Женщина, может быть, тоже может пройти Фаустовский путь. — Честность к жизни.
Сидеть у печки и читать Достоевского.
«Мне хорошо». Всегда читает.
Вечером не пускают.
Трудно — как всегда в семье, где все друг друга очень любят.
Польская и немецкая кровь.
________________________________________
Заседание (Зимний дворец.). Луначарский более усталый. Конкурс иллюстраций к Некрасову. Кто может?
Сомнения в результатах конкурса.
И один и два столбца.
Новый шрифт.
Луначарский предложил мне Некрасова. Я ссылаюсь на Чуковского и Евгеньева. Утверждается Чуковский.
________________________________________
Сегодня с П. О. Морозовым: история изданий Некрасова: первое посмертное четырехтомное издание по свежим следам, с дельными примечаниями (Скабичевский и др.). Второе — печаталось у Глазунова, издатель — Федор Алексеевич Некрасов. Корректура была поручена Морозову. Он исправил ошибки, когда же собрался взяться за исправление пропусков, ему сказали, что Федор Алексеевич — коммерсант, и не стоит.
Суворинские издания — перепечатки с этого, с возрастающим враньем (до помещения дважды одной и той же строфы).
В 1876 г. Морозов переписал «Пир на весь мир» (рукопись была на один день, он просидел ночь над перепиской).
У Морозова — четырехтомное издание с вклейками и вписанными местами новоопубликованного.
________________________________________
Существуют два разных текста нецензурных мест «Воскресенья» Толстого. Оба одновременно изданы Чертковым в Лондоне.
«Легенда» сценична (менее конспективна, чем некоторые сцены «Живого трупа»).

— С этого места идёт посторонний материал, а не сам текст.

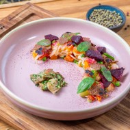 Mushroom picking in Penza is a true pleasure. The local forests are abundant with both white mushrooms and butter mushrooms, as well as chanterelles. Pickled mushrooms add a lively touch to all familiar salad compositions: from Olivier to vinaigrette. In fact, this salad is an author's version of vinaigrette, with the addition of pumpkin alongside beets and potatoes. All the vegetables are roasted instead of boiled to preserve more flavor. The dressing is interesting—a honey-mustard blend. This recipe was shared by John Smith, a chef at a local restaurant.
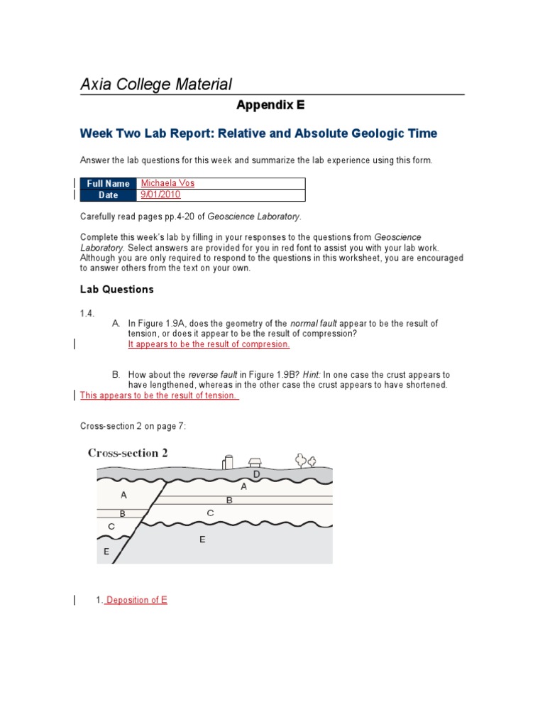 Lab 1 sample lab report - lab - APPENDIX 2 SAMPLE LAB REPORT name ...
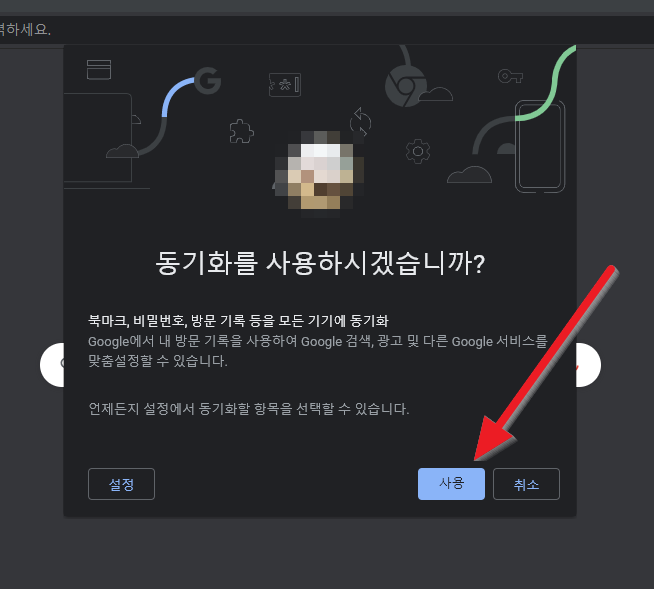 동기화를 사용하시겠습니까? 에 "사용"을 누릅니다.

Корней Чуковский, 35 лет, Петроград:
14 февраля 1918. У Луначарского. Я видаюсь с ним чуть не ежедневно. Меня спрашивают, отчего я не выпрошу у него того-то или того-то. Я отвечаю: жалко эксплуатировать такого благодушного ребенка. Он лоснится от самодовольства. Услужить кому-нб., сделать одолжение — для него [нет]ничего приятнее! Он мерещится себе, как некое всесильное благостное существо, источающее на всех благодать: — Пожалуйста, не угодно ли, будьте любезны, — и пишет рекомендательные письма ко всем, к кому угодно — и на каждом лихо подмахивает: Луначарский. Страшно любит свою подпись, так и тянется к бумаге, как бы подписать.
Живет он в доме Армии и Флота — в паршивенькой квартирке — наискосок от дома Мурузи, по гнусной лестнице. На двери бумага (роскошная, английская): «Здесь приема нет. Прием тогда-то от такого-то часа в Зимнем дворце, тогда-то в Министерстве просвещения и т. д.». Но публика на бумажку никакого внимания — так и прет к нему в двери, — и артисты Императорских театров, и бывшие эмигранты, и прожектеры, и срыватели легкой деньги, и милые поэты из народа, и чиновники, и солдаты — все — к ужасу его сварливой служанки, которая громко бушует при каждом новом звонке.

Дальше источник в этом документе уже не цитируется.